Provided data
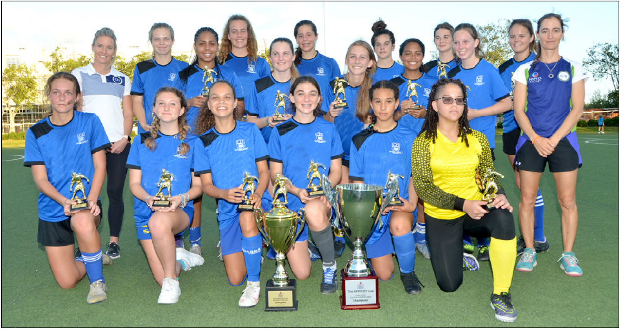
► 2020 Appleby Under 18 girls high school football champions – Cayman International School

In the Appleby Under 18 boys' league, Cayman Prep secured the coveted title with a 'nail-biting' 3-2 final day victory over John Gray High School (JGHS). The win was significant for the defending champions as eventual league runners-up Triple C were at the same time, enjoying a 5-0 win over Clifton Hunter High School and were hoping for a Cayman Prep draw or loss, which would hand the Triple C Crusaders their first high school football championship. Cayman Prep managed to overcome a final 10 minutes of
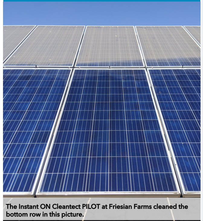
The Instant ON Cleantect PILOT at Friesian Farms cleaned the bottom row in this picture.

until non-IO Cleantect panels were brush-cleaned.

Task requirements
Now write out the data word for word, skipping every picture in it.

Problem solution
► 2020 Appleby Under 18 girls high school football champions – Cayman International School

In the Appleby Under 18 boys' league, Cayman Prep secured the coveted title with a 'nail-biting' 3-2 final day victory over John Gray High School (JGHS). The win was significant for the defending champions as eventual league runners-up Triple C were at the same time, enjoying a 5-0 win over Clifton Hunter High School and were hoping for a Cayman Prep draw or loss, which would hand the Triple C Crusaders their first high school football championship. Cayman Prep managed to overcome a final 10 minutes of
The Instant ON Cleantect PILOT at Friesian Farms cleaned the bottom row in this picture.

until non-IO Cleantect panels were brush-cleaned.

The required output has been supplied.